This paper presents a grounded language-image pre-training (GLIP) model for learning object-level, language-aware, and semantic-rich visual representations. GLIP unifies object detection and phrase grounding for pre-training. The unification brings two benefits: 1) it allows GLIP to learn from both detection and grounding data to improve both tasks and bootstrap a good grounding model; 2) GLIP can leverage massive image-text pairs by generating grounding boxes in a self-training fashion, making the learned representation semantic-rich. In our experiments, we pre-train GLIP on 27M grounding data, including 3M human-annotated and 24M web-crawled image-text pairs. The learned representations demonstrate strong zero-shot and few-shot transferability to various object-level recognition tasks. 1) When directly evaluated on COCO and LVIS (without seeing any images in COCO during pre-training), GLIP achieves 49.8 AP and 26.9 AP, respectively, surpassing many supervised baselines. 2) After fine-tuned on COCO, GLIP achieves 60.8 AP on val and 61.5 AP on test-dev, surpassing prior SoTA. 3) When transferred to 13 downstream object detection tasks, a 1-shot GLIP rivals with a fully-supervised Dynamic Head.
cd $MMDETROOT
# source installation
pip install -r requirements/multimodal.txt
# or mim installation
mim install mmdet[multimodal]cd $MMDETROOT
wget https://download.openmmlab.com/mmdetection/v3.0/glip/glip_tiny_a_mmdet-b3654169.pth
python demo/image_demo.py demo/demo.jpg \
configs/glip/glip_atss_swin-t_a_fpn_dyhead_pretrain_obj365.py \
--weights glip_tiny_a_mmdet-b3654169.pth \
--texts 'bench. car'
GLIP utilizes BERT as the language model, which requires access to https://huggingface.co/. If you encounter connection errors due to network access, you can download the required files on a computer with internet access and save them locally. Finally, modify the lang_model_name field in the config to the local path. Please refer to the following code:
from transformers import BertConfig, BertModel
from transformers import AutoTokenizer
config = BertConfig.from_pretrained("bert-base-uncased")

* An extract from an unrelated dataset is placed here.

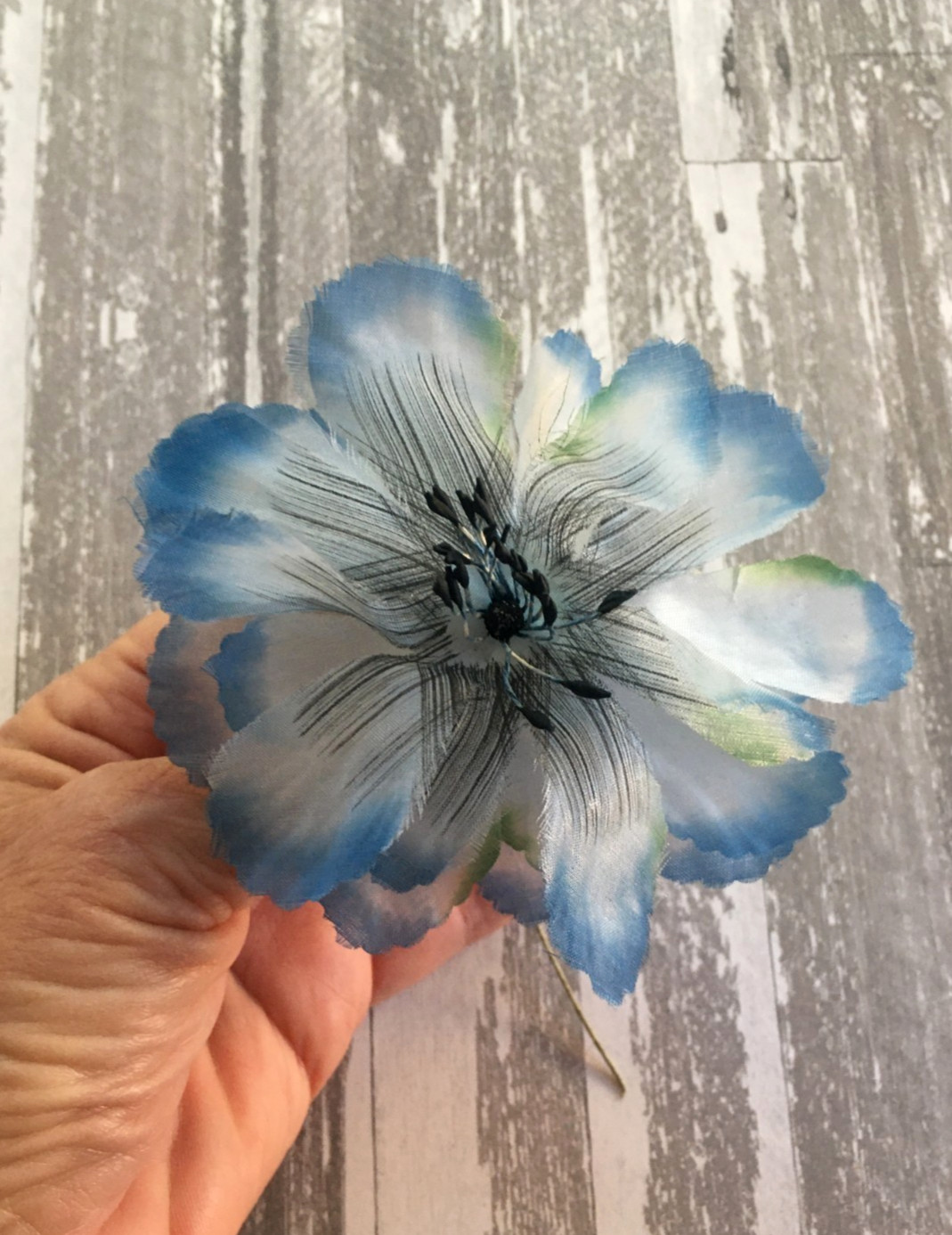 как выглядит Antique Vintage Millinery Silk Flower Blue Color фото

model = BertModel.from_pretrained("bert-base-uncased", add_pooling_layer=False, config=config)
tokenizer = AutoTokenizer.from_pretrained("bert-base-uncased")

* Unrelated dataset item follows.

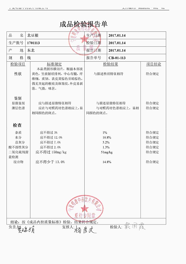 1701113北豆根片
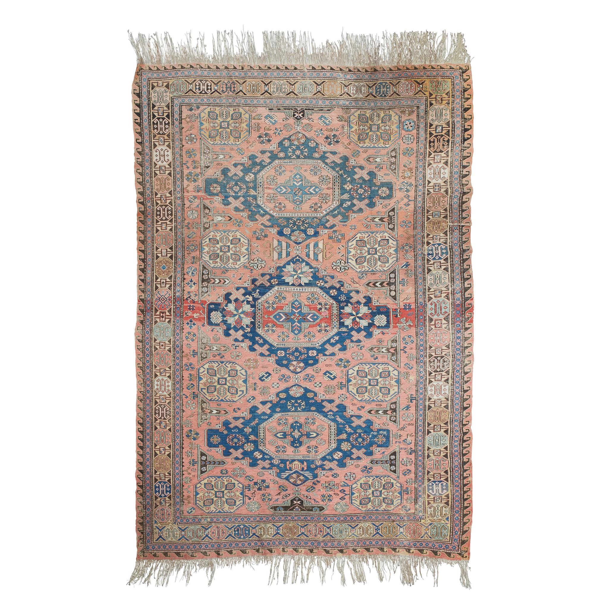 the abrash salmon pink field with three indigo lozenge medallions, within brown geometric border

config.save_pretrained("your path/bert-base-uncased")
model.save_pretrained("your path/bert-base-uncased")
tokenizer.save_pretrained("your path/bert-base-uncased")| Model | Zero-shot or Finetune | COCO mAP | Official COCO mAP | Pre-Train Data | Config | Download |
|---|---|---|---|---|---|---|
| GLIP-T (A) | Zero-shot | 43.0 | 42.9 | O365 | config | model |
| GLIP-T (A) | Finetune | 53.3 | 52.9 | O365 | config | model| log |
| GLIP-T (B) | Zero-shot | 44.9 | 44.9 | O365 | config | model |
| GLIP-T (B) | Finetune | 54.1 | 53.8 | O365 | config | model| log |
| GLIP-T (C) | Zero-shot | 46.7 | 46.7 | O365,GoldG | config | model |
| GLIP-T (C) | Finetune | 55.2 | 55.1 | O365,GoldG | config | model| log |
| GLIP-T | Zero-shot | 46.6 | 46.6 | O365,GoldG,CC3M,SBU | config | model |
| GLIP-T | Finetune | 55.4 | 55.2 | O365,GoldG,CC3M,SBU | config | model| log |
| GLIP-L | Zero-shot | 51.3 | 51.4 | FourODs,GoldG,CC3M+12M,SBU | config | model |
| GLIP-L | Finetune | 59.4 | FourODs,GoldG,CC3M+12M,SBU | config | model| log |
Note:
- The weights corresponding to the zero-shot model are adopted from the official weights and converted using the script. We have not retrained the model for the time being.
- Finetune refers to fine-tuning on the COCO 2017 dataset. The L model is trained using 16 A100 GPUs, while the remaining models are trained using 16 NVIDIA GeForce 3090 GPUs.
- Taking the GLIP-T(A) model as an example, I trained it twice using the official code, and the fine-tuning mAP were 52.5 and 52.6. Therefore, the mAP we achieved in our reproduction is higher than the official results. The main reason is that we modified the
weight_decayparameter. - Our experiments revealed that training for 24 epochs leads to overfitting. Therefore, we chose the best-performing model. If users want to train on a custom dataset, it is advisable to shorten the number of epochs and save the best-performing model.
- Due to the official absence of fine-tuning hyperparameters for the GLIP-L model, we have not yet reproduced the official accuracy. I have found that overfitting can also occur, so it may be necessary to consider custom modifications to data augmentation and model enhancement. Given the high cost of training, we have not conducted any research on this matter at the moment.